The more people feed the image with their feelings, the stronger the image, the stronger the possibility of the reverse influence of the image on the activities of a person, people (community). Able to form characters, behavior of large and small social groups, in connection with which the problem arises of a certain culture of creating images inherent in peoples and countries, nations, states and ethnic groups. The heritage of figurative thinking of any people can be considered as a kind of "imprint" of its views on the world, the idea of life, its mission in the world, a kind of cultural self-portrait.
- Imaginative perception
Figurative perception is a fundamentally holistic one-stage process, recognition, recognition of an object, process, phenomenon "as a whole", identifying it with its own "representation" or establishing a connection, similarity, analogue of a new object with an already existing holistic natural phenomenon (figurative perception of nature), reality.

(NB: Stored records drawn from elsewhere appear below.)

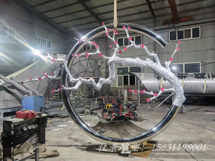 不锈钢梅花树圆环雕塑可用材质不仅局限于304,还可以是201等,所使用的工艺也不只是喷漆,还可以是喷镀、烤漆、拉丝、镜面等,尺寸和适用场所也非固定不变,具体请电话咨询:15631198001
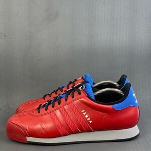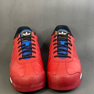 Stylish adidas athletic shoes. Vibrant red with blue accents. Comfortable and durable design.
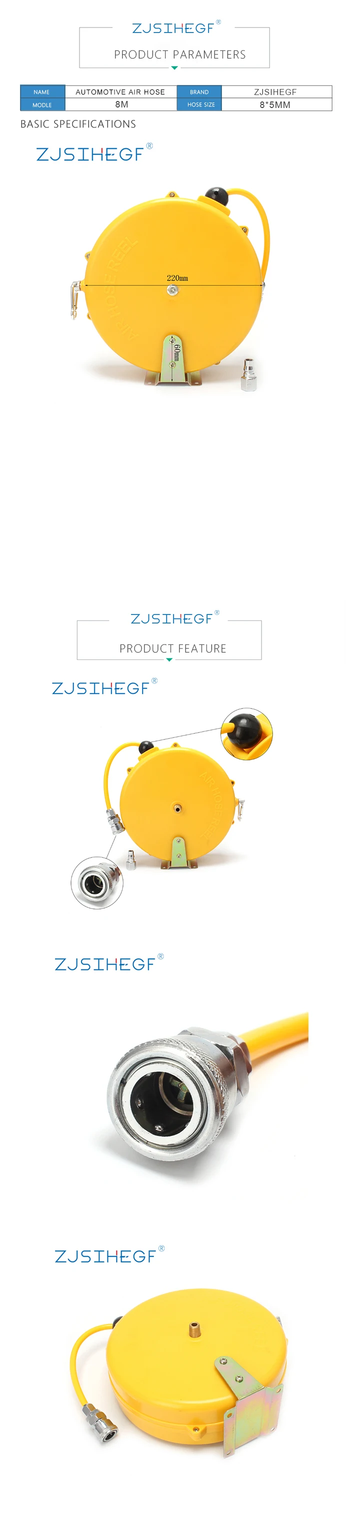8 м автомобильный воздушный шланг катушка пневматический шланг PU труба OD 8 мм ID 5 мм автоматическая выдвижная катушка Телескопический барабан шланг PU8 * 5
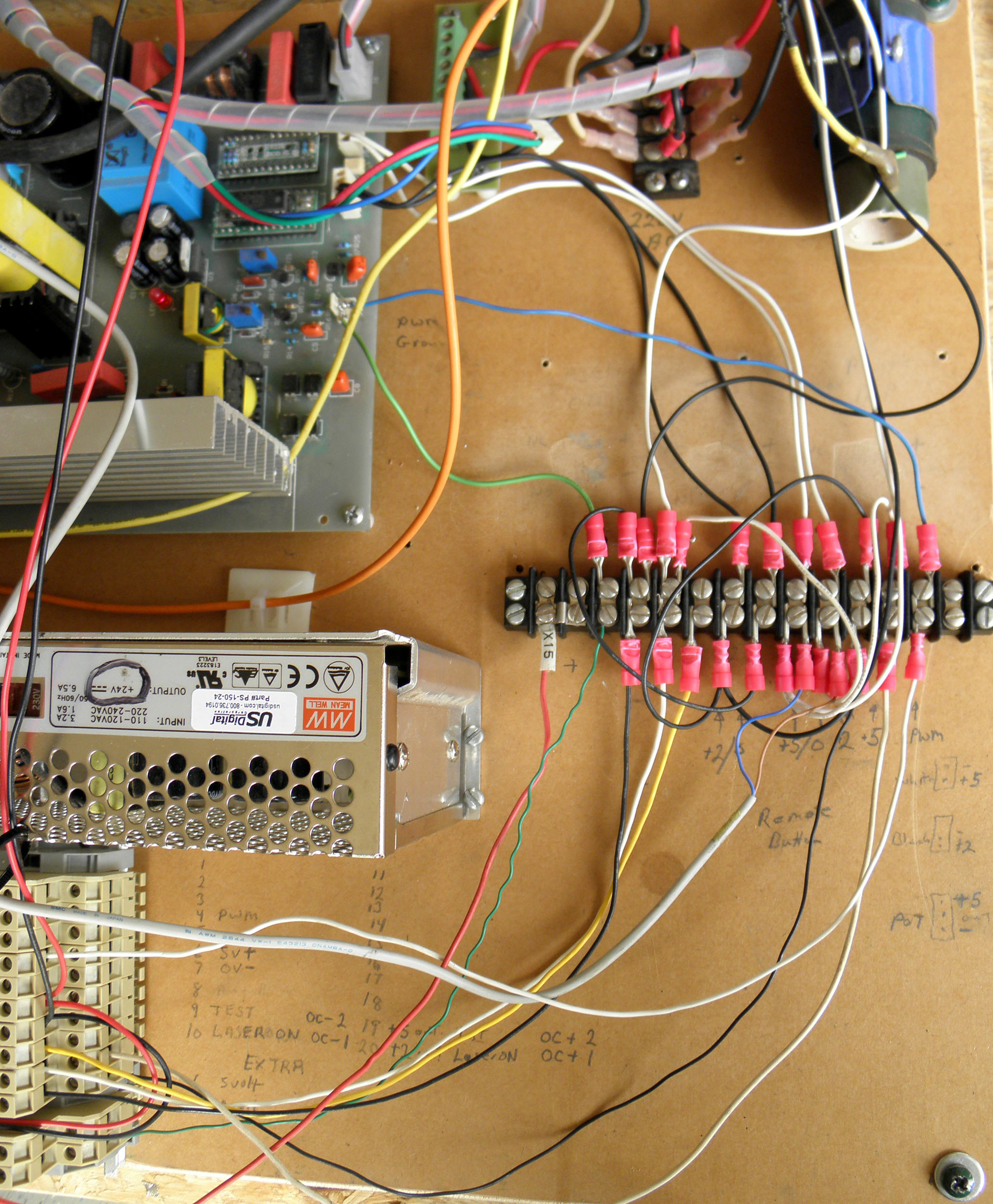 Here is a view of my wiring on the laser board, I tried to label the connections, but it turned out to be quite straight forward. That is other than the pot plug had to be removed for the pokies pwm to control it.
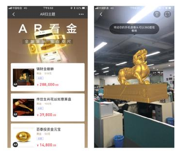 此外,招商銀行App6.0還應(yīng)用增強(qiáng)現(xiàn)實(shí)技術(shù),推出的銀行業(yè)首個(gè)支持蘋果ARkit的AR看金功能,生成3D實(shí)物黃金模型,不放過每一個(gè)細(xì)節(jié),以后選購實(shí)物黃金無須再到網(wǎng)點(diǎn),在招商銀行App你就可以享受360度全方位的逼真黃金視覺體驗(yàn),又酷又好玩。
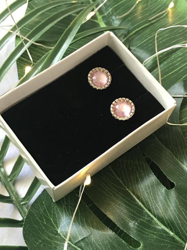 Серьги-гвоздики с розовыми камешками🌸
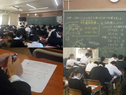 「三角形の2辺の中点を結んだときの性質を考える」が授業の目標です。
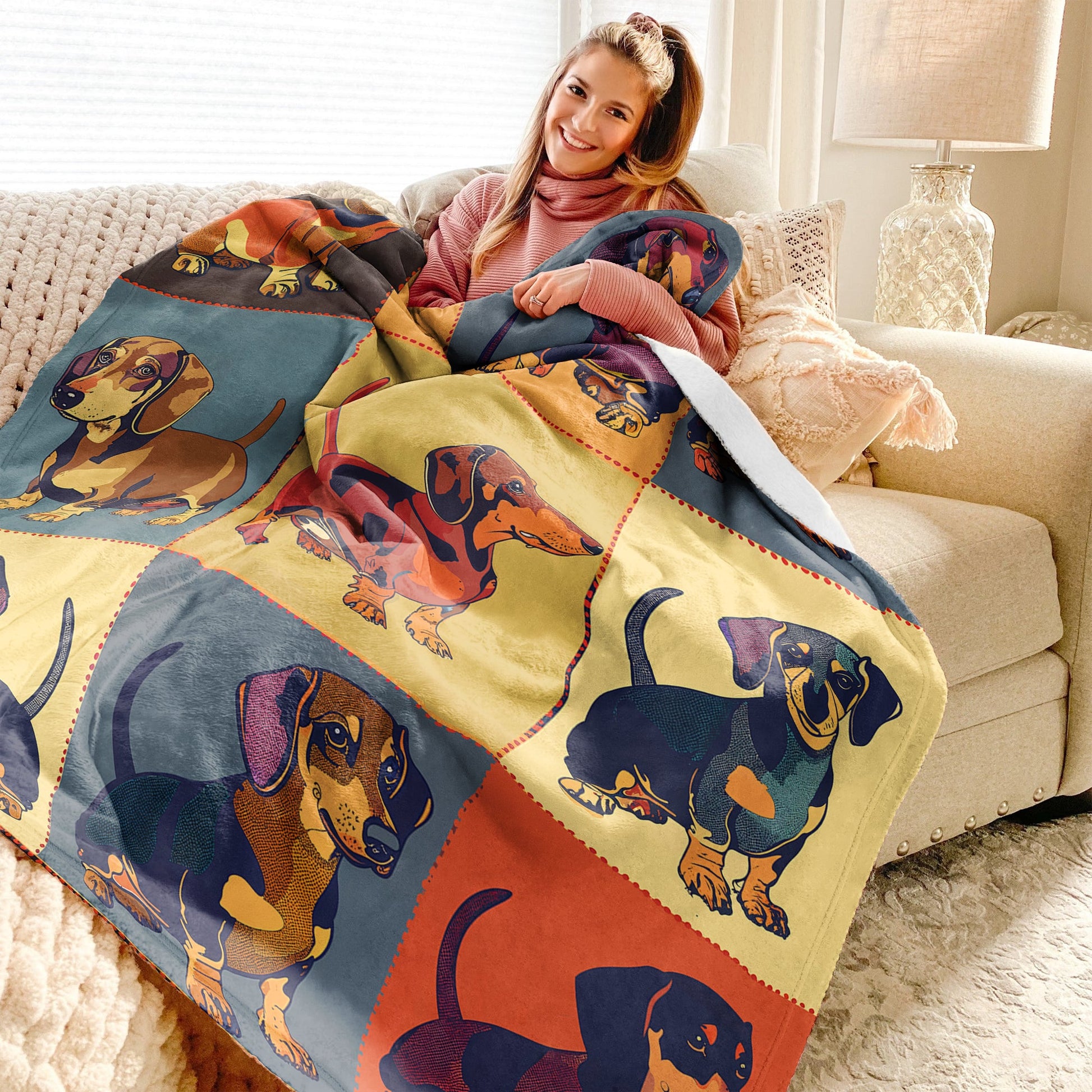 Shineful Fleece Blanket Dachshund Palette Patchwork
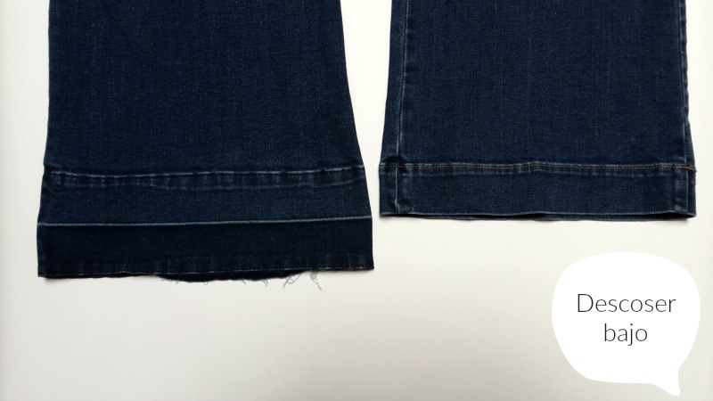 Tenía la imperiosa necesidad de coger el bajo a unos pantalones vaqueros adjudicados a precio de ganga en las últimas rebajas. Como veis en las imágenes, originalmente traían un bajo bastante ancho y era justamente la medida de ese bajo lo que tenía que subir, lo que me sobraba. Para ello no me quedaba otra opción que descoser el bajo original, ya que necesitaría parte de esa tela para hacer el dobladillo. Si por el contrario, tuviera que subir más trozo de pantalón, podría cortar directamente el bajo original y hacer un dobladillo nuevo... ¿Si?
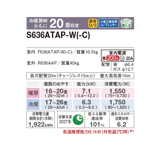 ダイキン S636ATAP-C エアコン 20畳 ルームエアコン AXシリーズ 単相200V 20A 20畳程度 ベージュ (S635ATAP-C 後継品) ♪
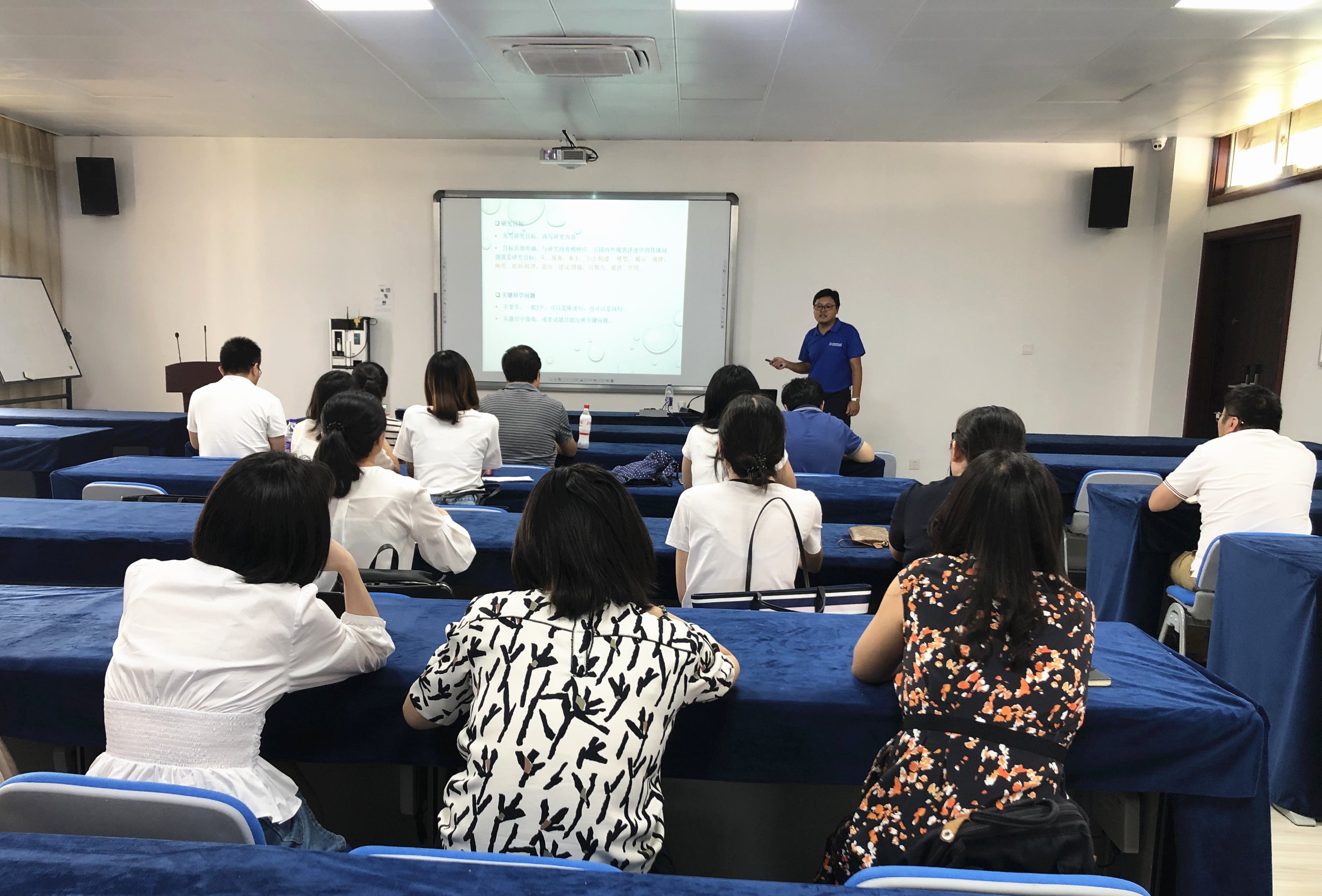 朱青研究员以做生日蛋糕步骤为例,深入浅出的类比了如何撰写自然科学基金申请书。首先,从如何思考自然科学基金研究的IDEA、破题(研究目标与关键问题)、研究内容分解、研究方法设计、创新点提取、研究意义与进展、其他相关内容补充等7个方面详细的阐述了国家自然科学基金申请书写作的关键步骤。随后,朱青研究员以相关案例逐一的介绍了基金申请书每一步部分的撰写要点和注意事项。最后,朱青研究员和与会教师就自然科学基金撰写、申报及资助后如何执行等问题进行了深入的探讨与交流。
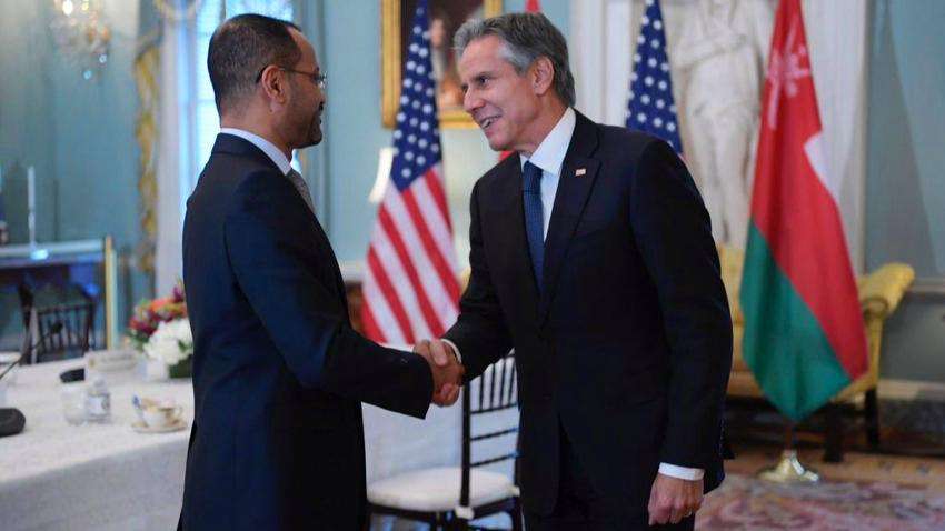 وقالت وزارة الخارجية العمانية، في بيان لها، إن "وزير الخارجية الأمريكي أنتوني بلينكن، استقبل نظيره العماني بدر البوسعيدي، في واشنطن، وجددا اتفاقهما على عدم وجود حل عسكري للصراع في اليمن؛ وشددا على دعمهما لوحدة أراضي اليمن وسيادته واستقلاله".
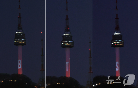 3년 9개월 만에 완전체로 컴백하는 방탄소년단(BTS)의 광화문 공연을 하루 앞둔 20일 오후 서울 중구 남산타워에 BTS 신보 '아리랑'(ARIRANG)을 주제로 한 미디어 파사드가 펼쳐지고 있다. 2026.3.20 © 뉴스1 오대일 기자
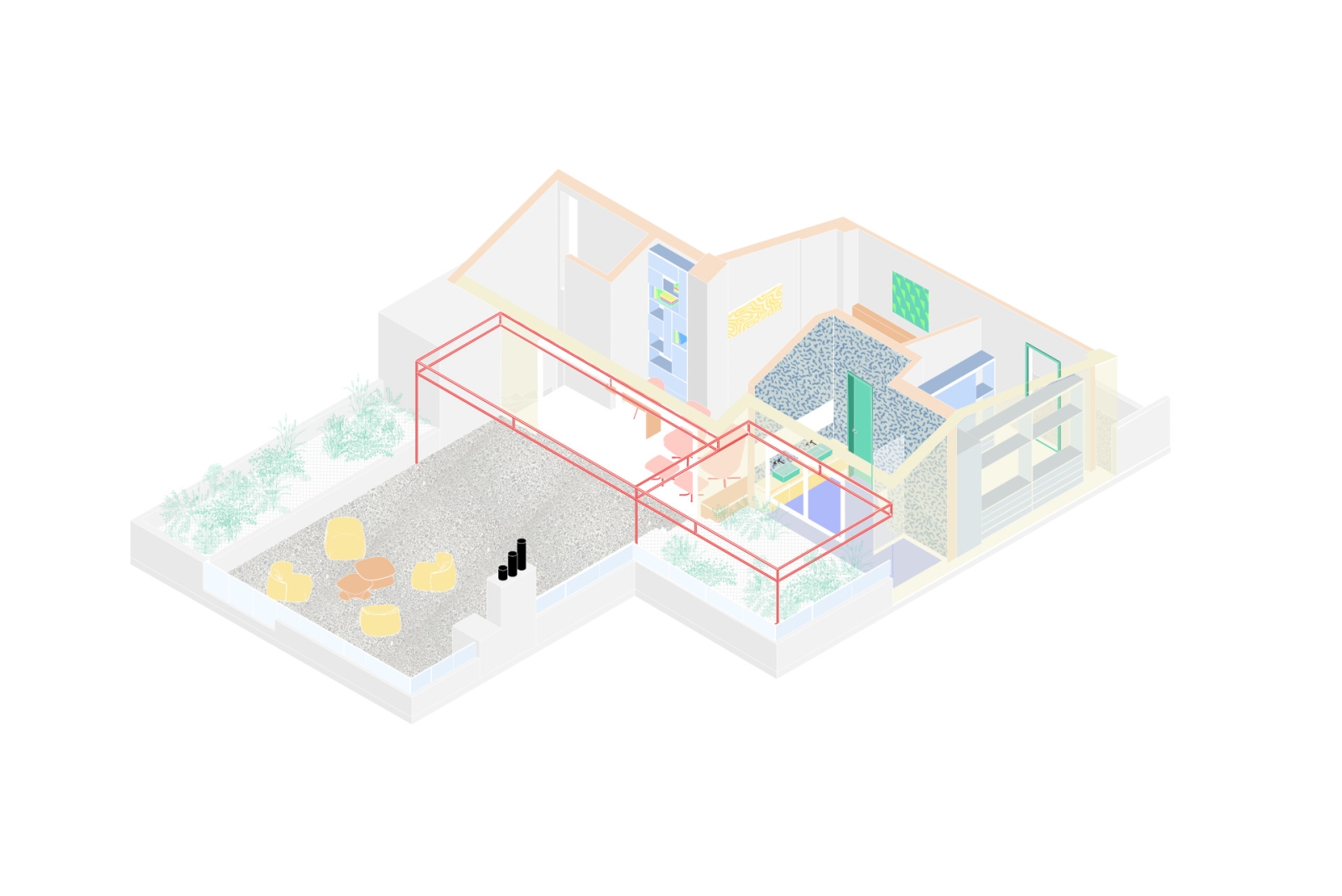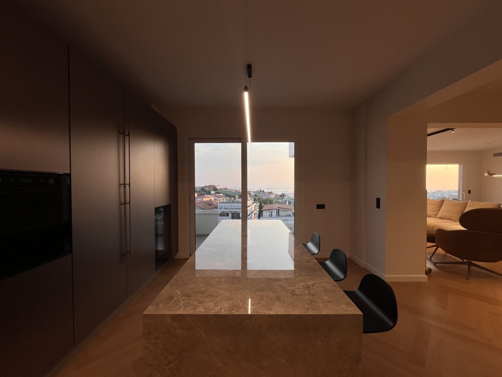 Το διαμέρισμα, συνολικής επιφάνειας 200 τ.μ., βρίσκεται σε προνομιακό σημείο της Θεσσαλονίκης, με πανοραμική θέα προς τον Θερμαϊκό Κόλπο, το Επταπύργιο και τον Όλυμπο. Αναπτύσσεται σε δύο επίπεδα: στον πρώτο όροφο τοποθετούνται οι κοινόχρηστοι χώροι της οικογένειας — το σαλόνι με την τραπεζαρία για οκτώ άτομα, η ανοιχτή κουζίνα, το WC επισκεπτών και τα δύο παιδικά υπνοδωμάτια. Στον επάνω όροφο διαμορφώνεται το κύριο υπνοδωμάτιο του ζευγαριού, συνοδευόμενο από βεστιάριο και ιδιωτικό λουτρό.
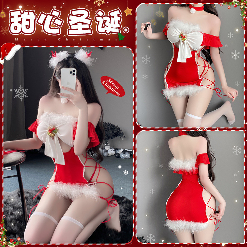 New Year S Sexy Lingerie Sexy Bandeau Strap Hips Nightdress Skinny Red Christmas Uniform Set is a popular picture for sexy and hot.
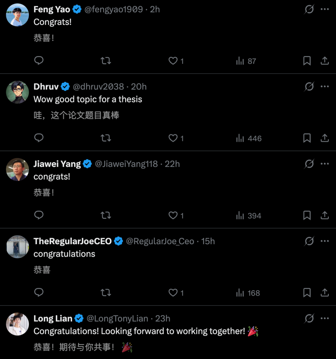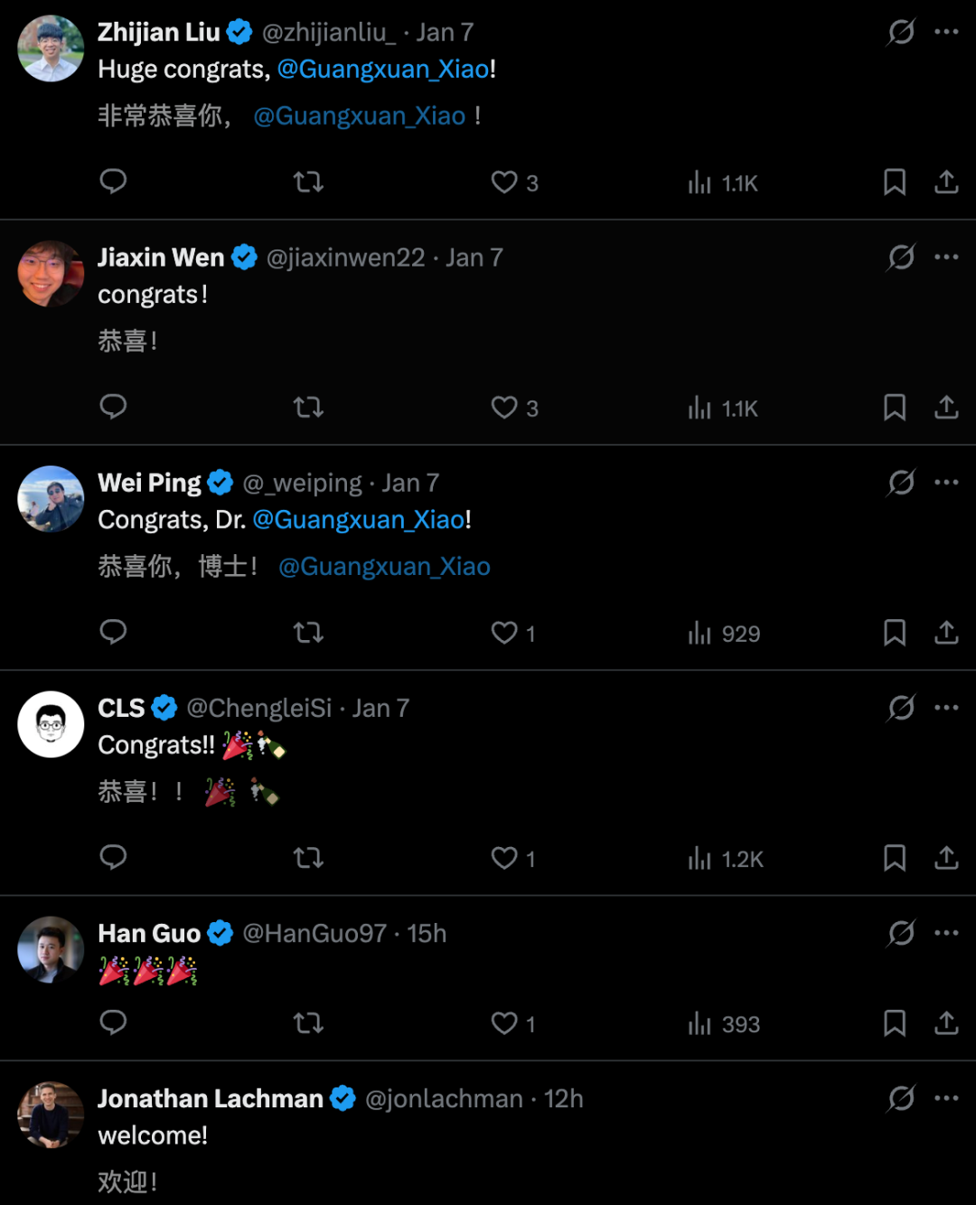 评论区下方,英伟达科学家、xAI研究员、UCSD等一众大佬,为他本人送上了祝贺。

The formation of the image is based on the existing life experience, human knowledge. Part of this experience is genetically shaped, and then one speaks of the "experience of previous generations. " Part of this experience can be accumulated by society in the form of knowledge and transferred by society to a person in the process of learning (language, writing, conceptual base, social models of behavior, etc.). Learning is the process of transforming the knowledge of society into the knowledge of a particular person. Sometimes it is identified with emotional perception and is opposed to analytical (abstract). However, in its pure form, each of the ways of perception is rare, usually the emotional and analytical flow together. From a dialectical point of view, figurative and abstract thinking are inseparable, but in the vast majority of situations one can speak of the conditional predominance of one or another type. The nature of figurative perception is not fully disclosed. Perceiving reality, a person receives "at the input" a certain amount of information, and "at the output" a holistic image is formed, characterized by some finite set of concepts. We "read" not letters, but words and phrases; “we see” not a “fragment” of the picture, but its integrity, we “hear” not individual sounds, but their totality. The result of figurative recognition is generally ambiguous. Figurative thinking is fundamentally based on "similarity".
- Figurative language
Figurative language - the language of images does not always use words, although it is often identified with literary language. However, often the means of figurative thinking are not words and letters, but visible images. The means of figurative language include hieroglyphs that convey a holistic image, meaning and even direction of action, runes, letter-images, symbols, etc. Figurative language allows you to highlight the features of a phenomenon, certain qualities of an object, strengthen and consolidate the emotional, aesthetic perception of a phenomenon, form and remember the impressions from it in a single holistic form.
- Figurative perception of nature
Figurative perception of nature - a historically fixed period of formation and development of the ancient world, associated with the formation of myths, the creation of images of gods, as products of figurative, holistic perception of natural reality, natural elements, elements, substances and compounds by people.